The Atlantic sixgill shark (Hexanchus vitulus) is a rare species of hexanchid shark found in the Atlantic Ocean at depths that are greater than 300 meters. These depths are known as mesopelagic and bathypelagic in tropical and temperate waters around the world. The Atlantic sixgill shark is very similar to other species of sixgill in terms of its growth rate in deep sea waters. It is believed that this is due to the abiotic and biotic factors in relation to the depths at which they are found. It was formerly described as its own species, but was synonymised with the bigeye sixgill shark (Hexanchus nakamurai). However, a study published in 2019 resurrected the species on the basis of molecular data. The species can be physically differentiated from the bluntnose sixgill shark (Hexanchus griseus) by its much smaller size and position of the dorsal fin in relation to the caudal fin.
The Atlantic sixgill shark (Hexanchus vitulus) becomes sexually mature at around 1.40 to 1.75 meters. They do not reach lengths much greater than 180 cm. 

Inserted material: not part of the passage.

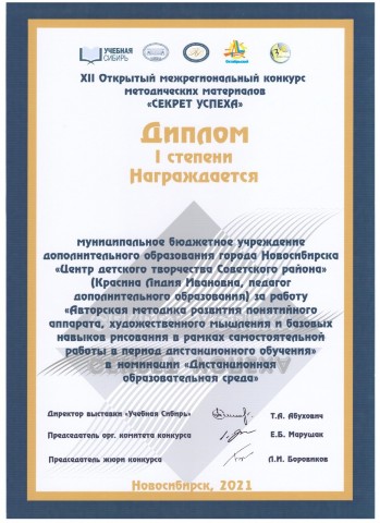 Методическому пособию «Авторская методика развития понятийного аппарата, художественного мышления и базовых навыков рисования в рамках самостоятельной работы в период дистанционного обучения» (автор: Л. И. Красина) присвоен Диплом I степени.

Although the Atlantic sixgill shark was believed to be the only species in its genus it has been discovered that there are two more species that share the genus with it. The Bigeye sixgill shark (Hexanchus nakamurai) and the Bluntnose sixgill shark (Hexanchus griseus) are also related with the Atlantic sixgill shark. 

An experiment shows that the Atlantic sixgill shark will not a prey after it has been dead for 24 hours, it will ignore said prey and move on to its next kill. They will also fed more on the prey in the spring season as compared to the winter season.